• Directions:
Please print exactly the lines from the line containing "Southern Africa Brand" through the end of the data, no more, and keep pictures out of the copy.
BEGIN
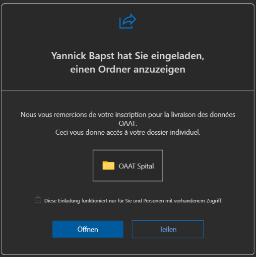 Une fois le formulaire web dûment rempli, vous recevrez rapidement par e-mail une invitation à vous rendre dans votre boîte aux lettres personnelle pour la livraison des données 2025 :
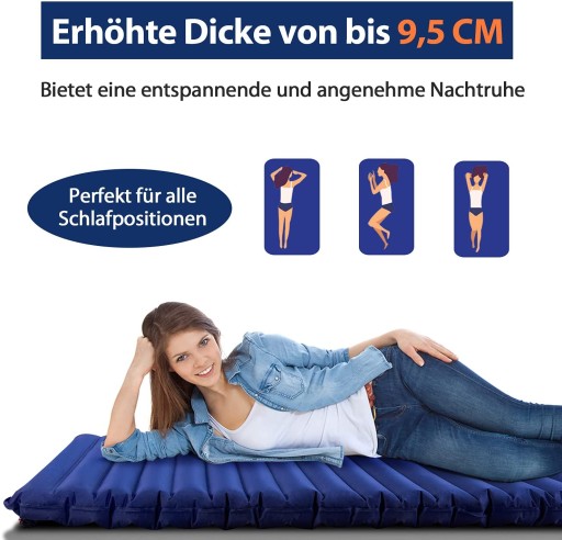 - Надзвичайно зручний: наш надувний матрац товщиною 9,5 см у надутому стані та надзвичайно зручною поверхнею забезпечує чудовий комфорт і чудову теплоізоляцію для двох осіб. Для ваших солодких снів під час подорожі.
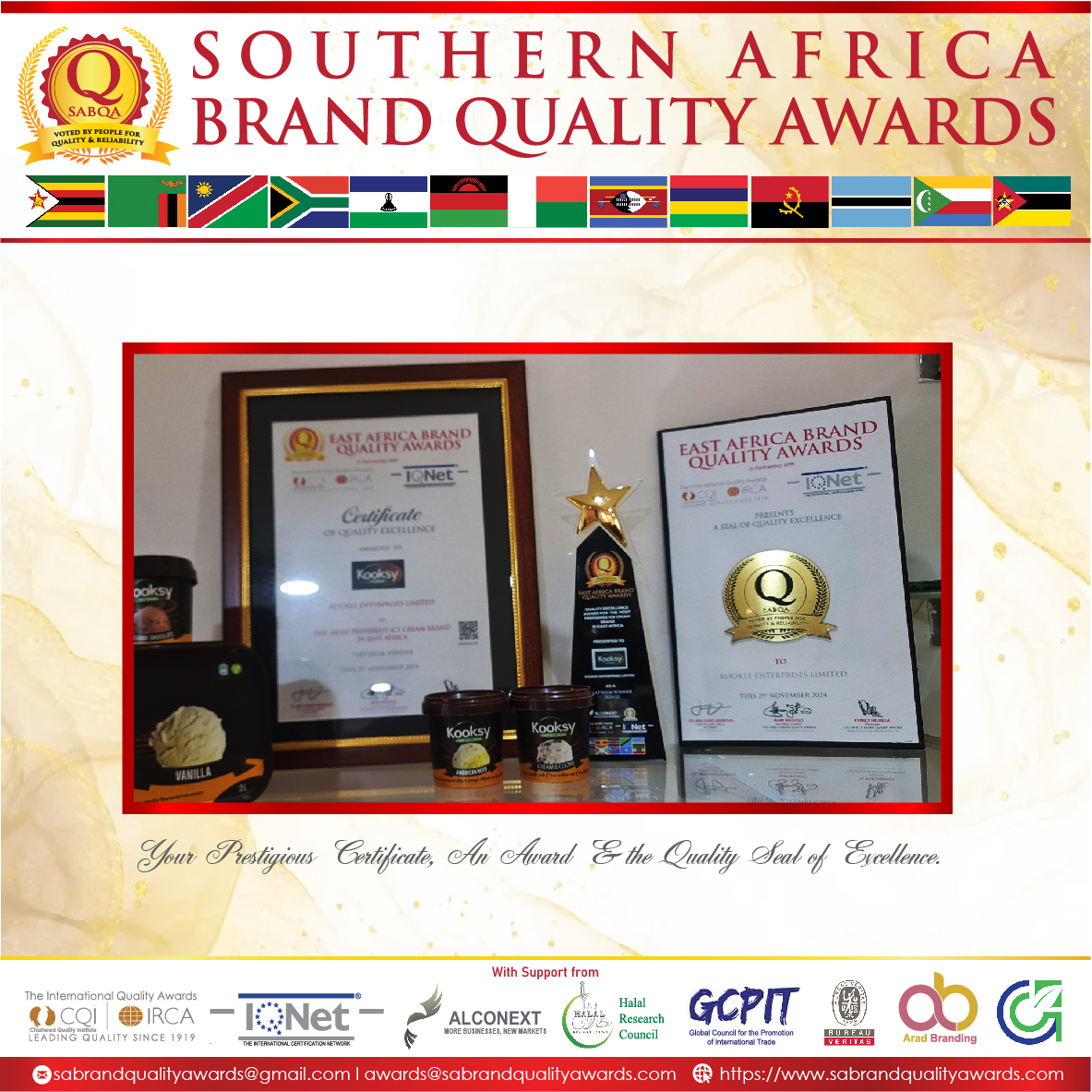 Southern Africa Brand Quality Awards (SABQA) was established with the sole purpose of recognizing excellence for companies, businesses, startup enterprises, firms, individuals and leaders for their positive contribution to the region.
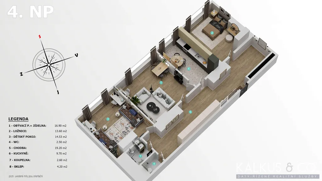 obývací pokoj + jídelna: cca 16,9 m² – nabízí se varianta propojení s kuchyní;
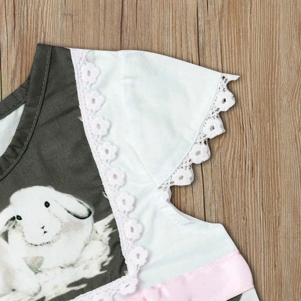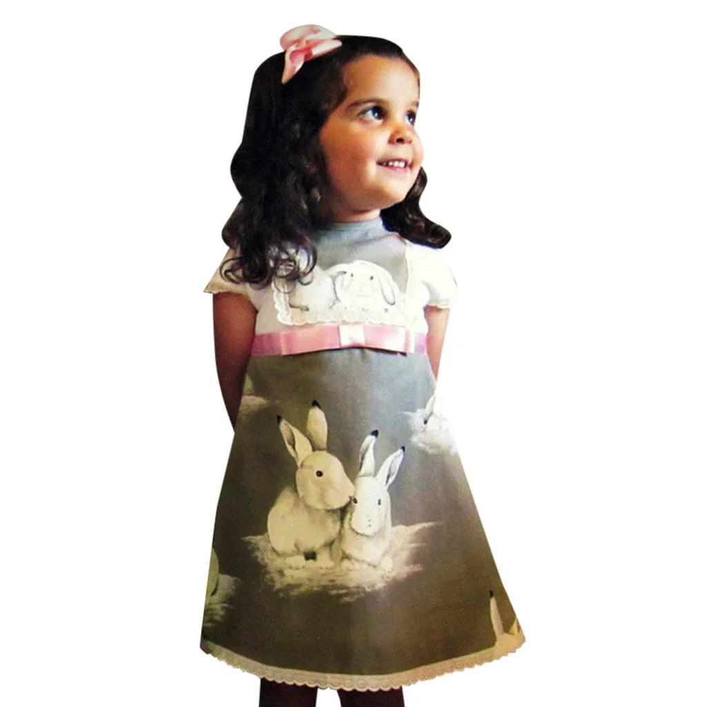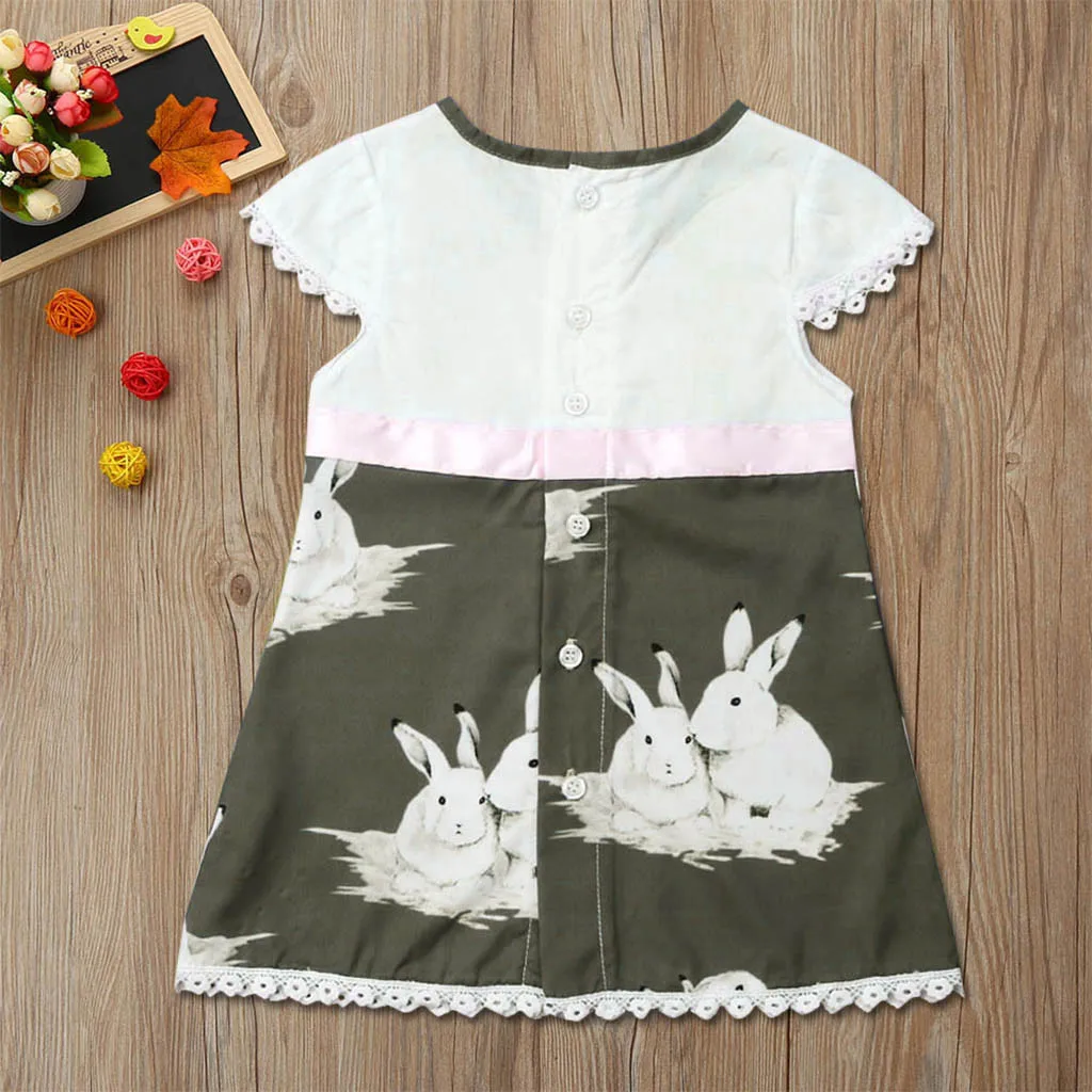 Toddler Baby Girls Short Sleeve Lace Easter Day Rabbit Print Dress Clothes
END
• Response to the exercise:
 Southern Africa Brand Quality Awards (SABQA) was established with the sole purpose of recognizing excellence for companies, businesses, startup enterprises, firms, individuals and leaders for their positive contribution to the region.
 obývací pokoj + jídelna: cca 16,9 m² – nabízí se varianta propojení s kuchyní;
 Toddler Baby Girls Short Sleeve Lace Easter Day Rabbit Print Dress Clothes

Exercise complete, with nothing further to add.